En fait, Anticyclone pourrait se résumer aux mots de Marek Kastelnik, le pianiste du groupe: « C’est l’histoire d’un mec à qui il arrive des trucs ». Car leur musique est narrative. Sans parole, elle se prête néanmoins à un récit d’histoires imaginaires. Et, si le spectateur a toute latitude pour inventer le récit qu’il souhaite, on y trouvera aisément quelque chose de l’ordre du fantastique. Ainsi leur revisite de « I’ll shoot the Moon », de Tom Waits, nous raconte un improbable qui, pourtant, se déroule devant nos yeux. Magie des notes, des postures, des sons, nous sommes à la croisée du folklore moderne, du néo-trad, d’une musique qui n’est pas sans rappeler les arts du cirque, le tout dans une mise en scène savamment orchestrée. Ainsi le piano ouvert de Marek Kastelnik laisse-t-il voir les marteaux frapper les cordes comme on imagine une danse de cabaret. Le fifre de Charlène Moura évoque la musique traditionnelle, comme dans « Symposium », voire les activités pastorales quand elle hèle l’auditoire. Et quand on connaît le goût de Frédéric Cavallin pour les expériences musicales, on comprendra tout ce qu’il y a de liberté et de possibles dans ce répertoire.

De l’imaginaire à l’âme, il n’y a qu’un pas que le groupe s’autorise pour notre plus grand plaisir. Avec « Bassine », Anticyclone nous amène à découvrir l’âme de cette femme, ainsi nommée. Cette mise à nue spirituelle se fait avec beaucoup de respect et, dans un crescendo envoûtant, elle enrichit notre imaginaire.
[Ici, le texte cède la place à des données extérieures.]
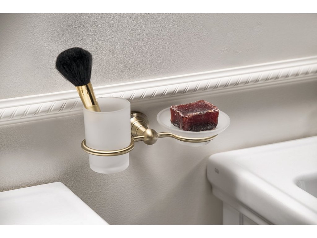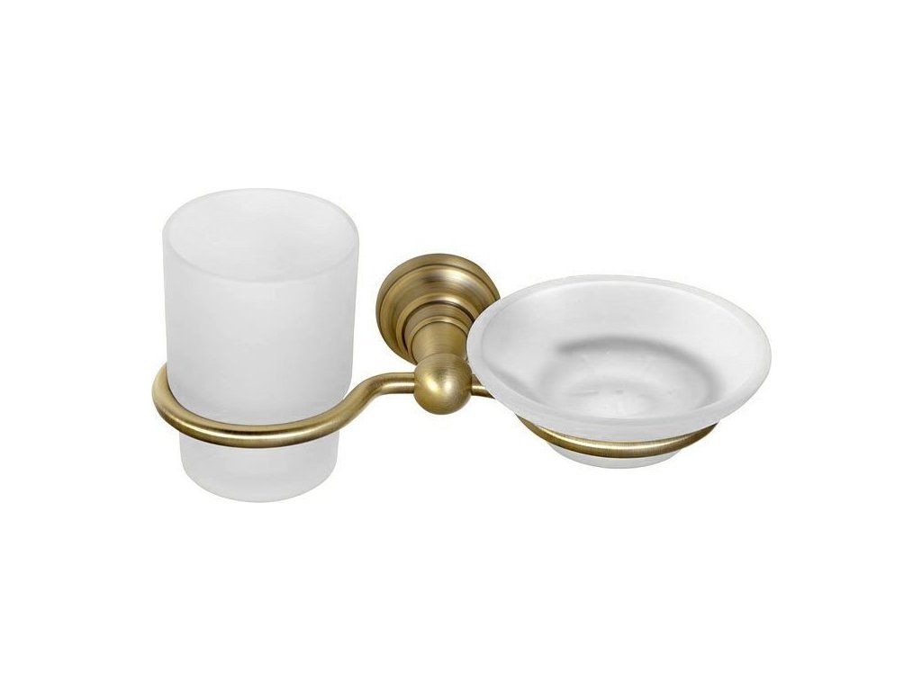 Sapho DIAMOND držák kartáčků s mýdlenkou, mléčné sklo, bronz 1318-04
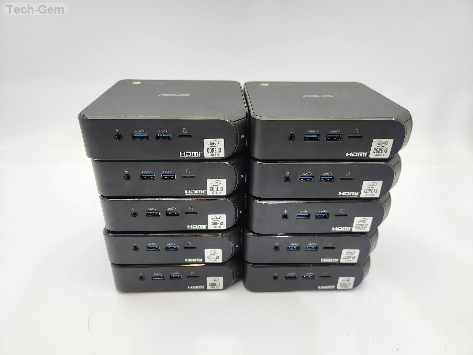 All computers have been wiped and tested and are fully functional. Fresh install of chrome OS has been installed. Intel Core i3-10110U 2.10GHz, 128GB M.2 SSD, 8GB DDR4 RAM. You will receive 10 computers. No power supplies or other accessories included.

Via les ritournelles, les phases obsédantes, les berceuses, les moments où tout sonne comme un carillon, Anticyclone, à l’instar de « la marche des bœufs » ou encore du « dîner des amants », peint et dépeint des scènes aux touches impressionnistes.

Hier, les douze morceaux s’enchaînèrent comme on lit un recueil de nouvelles ou comme on regarde un film d’excellente facture: avec délice, jusqu’au tak de fin.

Gilles Gaujarengues – Citizen Jazz

PS: le trio sera dans le Lot le 30 juin prochain à Montgesty dans le cadre du festival Chercheurs d’étoiles.